Я лавировала меж густого потока людей, ловила на себе взгляды, богатые на разные эмоции от жалости до почти что брезгливости, шмыгала саднящим носом и упрямо шла дальше, прижимая папку к груди.
Паршиво было так, что не хватало даже сил разозлиться. Словно несколько минут с Фушигуро выкачали изнутри все органы, весь костяк скелета, оставив после себя спрессованную вату. Достаточно твёрдую, чтобы стоять прямо и даже идти, но недостаточно прочную, чтобы поднять склонённую голову и расправить сведённые плечи.
Не было никакой толковой цели, я просто брела, с трудом поднимая ноги, чтобы не шаркать подошвой. Не думала. Не давала себе этого делать, боясь, что собственная самокритичность добьёт то, что и так нещадно надломил Убийца Магов.
А ведь я действительно испугалась. Хотя обычно сильной боли достаточно, чтобы выбить из нутра всё, кроме безбашенной ярости. Это было с детства — неумение контролировать вспышки ярости, если делают больно. Да даже случайно полученная в быту или неосторожных играх боль злила, если психика не находилась в пограничном состоянии между очередным эпизодом депрессии и мании. А тут даже искры злости не проскочило — только оторопь и полная потеря воли даже к элементарной самозащите. Хотя, если вспомнить все обстоятельства, не сказала бы, что я и до этой встречи была в порядке...
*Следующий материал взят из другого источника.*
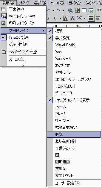 | メニューバーから表示させることもできます。 [表示(V)]→[ツールバー(T)]をポイントしてください。 ツールバーの一覧が表示されます。チェックのついている項目は表示されています。 「罫線」にチェックがついていない場合は、クリックしてチェックしてください。 ![]() 罫線ツールバーが表示されます。 すると、罫線モードとなり、マウスポインタが鉛筆の形に変わります。 |

Иногда из глубин помутившегося сознания выплывала горькая на вкус мысль о том, что это было заслуженно. Глупо было закрывать на это глаза — я ведь поняла это ещё с Сатору. Я сама настроила против себя этих людей. Юного гордеца, с младенчества взращенного на мысли, что он новый Спаситель. А следом и перемолотого в жерновах жестокости семьи безумца, привыкшего кусать любую руку, что тянется к нему. Разве шугают озлобившихся диких псов? Разве дёргают их за хвосты, уповая, что поводок в твоей руке даёт тебе на то достаточно власти? В какой момент я отказалась от собственной восхваляемой разумности и осторожности, положившись на ядовитое чувство вседозволенности? И главное — с чего ради решила, будто на то есть какие-то веские причины?
Я сглупила, оступилась, обманутая кажущейся всесильностью доставшегося дара. На место поставили грубо, безжалостно, но я ведь не первый десяток лет живу под светом солнца, какому бы миру это солнце не принадлежало… Знаю ведь, как это работает. Книжки умные читала, в людях разбираться училась, а толку? Стоило лишь почувствовать маленький кусочек власти и силы, и я тут же радостно нырнула в это с головой, забыв о собственном главном правиле: быть осмотрительной и осторожной. Почему там, где раньше полагалась лишь на собственные парламентерские способности, я вдруг решилась положиться на безжалостный кнут, будто способность внушать волю избавляет меня от извечной привычки искать подход?
Тяжёлый вздох, и взгляд наконец поднялся от пыльного асфальта под ногами, оглядывая окрестности. Группка девчонок рядом удивлённо охнула, разглядев моё лицо. Одна с выкрашенными в нежно-розовый волосами даже собиралась подойти, строя на лице скорбную сочувственную мину. И я постаралась сбежать до того, как чужая жалость сотрёт остатки с трудом наскобленной решимости. Мне нужна была аптека и гостиница, чтобы привести себя в порядок и изучить то, что добыл для меня мой временный пленник.
— Гипотермический пакет для ушибов, обезболивающее, мазь от синяков, и что-нибудь из антидепрессантов, — последнее скорее шутка, призванная сбавить градус напряжения, повисший между мной и аптекаршей.
Аптеку не пришлось искать долго. Там было на удивление почти безлюдно, и женщина у кассовой зоны обеспокоенно оглядывала моё лицо, словно я вот-вот должна упасть в обморок или вовсе умереть. Видимо, на лице у меня совсем всё плохо, раз люди, разглядев травму, выглядели такими испуганными.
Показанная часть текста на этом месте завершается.